Though the most obvious comparisons are between the president-elect and the title characters in each of these films, what I find more intriguing is the extent to which  the Trump electoral coalition responded to the populist themes embedded in the three screenplays.  Consider the following .  In Citizen Kane, the protagonist lays out his “declaration of principles.”

I will provide the people of this city with a daily paper that will tell all the news honestly. I will also provide them with a fighting and tireless champion of their rights as citizens and as human beings.

In Meet John Doe, John Willoughby includes the following to explain his emergence as a champion of the people.

If anybody should ask you what the average John Doe is like, you couldn’t tell him because he’s a million and one things. He’s Mr. Big and Mr. Small. He’s simple and he’s wise. He’s inherently honest, but he’s got a streak of larceny in his heart. He seldom walks up to a public telephone without shoving his finger into the slot to see if somebody left a nickel there.

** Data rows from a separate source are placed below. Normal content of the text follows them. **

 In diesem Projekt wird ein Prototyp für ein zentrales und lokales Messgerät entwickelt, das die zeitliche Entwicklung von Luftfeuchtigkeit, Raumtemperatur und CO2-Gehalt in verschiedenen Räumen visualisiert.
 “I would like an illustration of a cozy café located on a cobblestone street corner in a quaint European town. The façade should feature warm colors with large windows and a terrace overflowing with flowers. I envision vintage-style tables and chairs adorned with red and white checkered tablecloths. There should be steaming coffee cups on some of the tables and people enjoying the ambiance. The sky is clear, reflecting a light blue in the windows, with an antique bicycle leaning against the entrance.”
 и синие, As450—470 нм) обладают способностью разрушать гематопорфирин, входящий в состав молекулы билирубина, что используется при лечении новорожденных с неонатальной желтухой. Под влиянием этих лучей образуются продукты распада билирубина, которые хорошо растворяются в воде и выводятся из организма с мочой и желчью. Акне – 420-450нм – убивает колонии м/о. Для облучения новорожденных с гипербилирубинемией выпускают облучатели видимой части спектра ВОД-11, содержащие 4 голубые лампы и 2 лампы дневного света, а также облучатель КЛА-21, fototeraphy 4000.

And finally, Willie Stark explains how tragic events triggered his evolution from a self-interested lawyer to the voice of the common person.

Now I’m not gonna lie to ya. He (referring to himself) didn’t start off thinkin’ about the hicks and all the wonderful things he was gonna do for ’em. Naw, naw, he started off thinkin’ of number one. But something came to him on the way. How he could do nothin’ for himself without the help of the people. That’s what came to him. And it also came to him with the powerful force of God’s own lightning back in his home county when the school building collapsed ’cause it was built of politics’ rotten brick. It killed and mangled a dozen kids. But you know that story. The people were his friends because he’d fought that rotten brick. And some of the politicians down in the city, they knew that, so they rode up to his house in a big, fine, shiny car and said as how they wanted him to run for Governor.

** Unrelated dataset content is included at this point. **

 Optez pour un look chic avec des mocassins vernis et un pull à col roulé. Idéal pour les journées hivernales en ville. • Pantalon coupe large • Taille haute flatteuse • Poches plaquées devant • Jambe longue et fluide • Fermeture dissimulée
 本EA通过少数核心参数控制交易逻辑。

Two of these stories end in tragedy.  Willie Stark is assassinated by the brother of the Governor’s mistress.  Charles Foster Kane dies a broken man, morally and spiritually, who is said to have been loved by millions and hated by millions more.  Only John Willoughby emerges unscathed when he acknowledges he has deceived his followers and atones by exposing those who have used him for their own political purposes.

I wish I knew which ending best fits the real-life drama of 2016 and the forthcoming Trump administration. They say life imitates art.  I guess the course of history depends on which masterpieces hang on your walls or which Netflix videos you save to “My List.”

For what it’s worth.
Dr. ESP

 

2 thoughts on “Charles Foster Kane or John Doe?

  1. What a great read! One can’t help applying the same cinematic analogies to the tragically, obsessive character of Hillary Clinton and her error in thinking only she “could provide for the people.” One imagines her deathbed with a pink, PP logo aflame in the fireplace. Yes! “Which masterpieces, which videos.”